Note that the root directory for KITTI MMD (KITTIMMD_ROOT) will be the same as that for KITTI Depth Completion (KITTIDC_ROOT).

After the preparation, you should generate a JSON file containing paths to each sample.

$ cd MMDNET_ROOT/utils
$ python generate_json_KITTIMMD.py --path_kittimmd KITTIMMD_ROOT

This command will generate MMDNET_ROOT/list_data/kitti_mmd.json, which contains 32,917 samples for training, 3,426 samples for validation, and 1,000 samples for testing.

The official dataset split file kitti_mmd.json is already created and contained in this repository.
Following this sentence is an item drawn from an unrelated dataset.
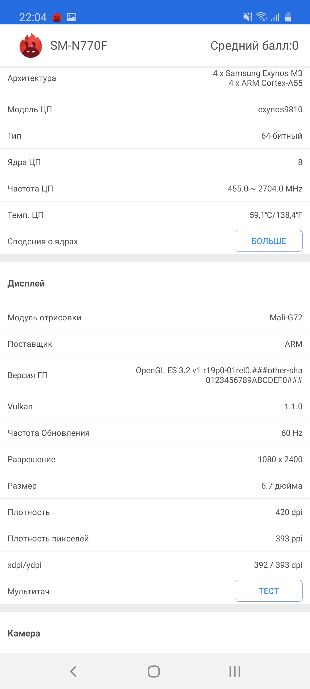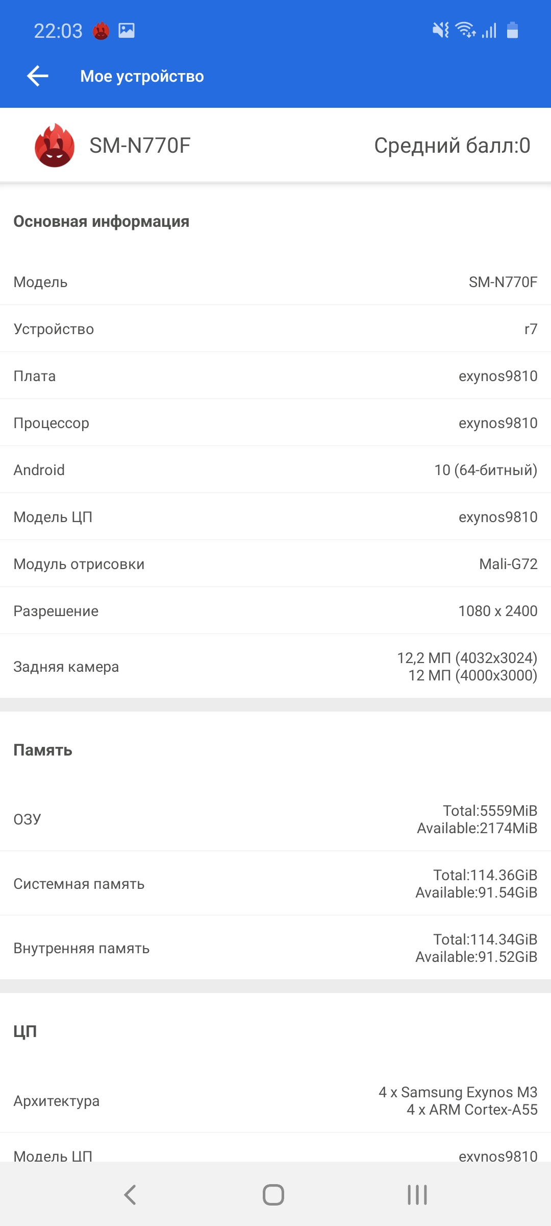 Ogólnie rzecz biorąc, smartfon otrzymał flagowe elementy poprzedniej generacji: procesor jest taki sam, jak używany w Samsungach Galaxy S9 / S9 + i Note9. Jest to bardzo dobre, ponieważ flagowe procesory zwykle nie stają się „dynią” po roku, a ich wydajność jest wciąż wystarczająca. Bardziej szczegółowo: smartfon ma 10-nanometrowy procesor Samsung Exynos 9810 z czterema wydajnymi rdzeniami 2,7 GHz Mongoose M3, czterema energooszczędnymi 1,8 GHz Cortex-A55 i akceleratorem graficznym Mali-G72 MP18. RAM - 6 GB. Tak, w testach wydajności smartfon jest nieco gorszy od obecnych flagowców, ale w codziennych zadaniach nie ma skarg na wydajność:

Note that various input arguments are supported in generate_json_KITTIMMD.py. For example, if you want to create a JSON file with fewer samples for prototyping, you can use the following command:

$ python generate_json_KITTIMMD.py --path_kittimmd KITTIMMD_ROOT --name kitti_mmd_tiny.json --num_train 32 --num_val 16 --num_test 8

The resulting MMDNET_ROOT/list_data/kitti_mmd_tiny.json will contain 32 samples for training, 16 samples for validation, and 8 samples for testing.

Please refer to generate_json_KITTIMMD.py for more details.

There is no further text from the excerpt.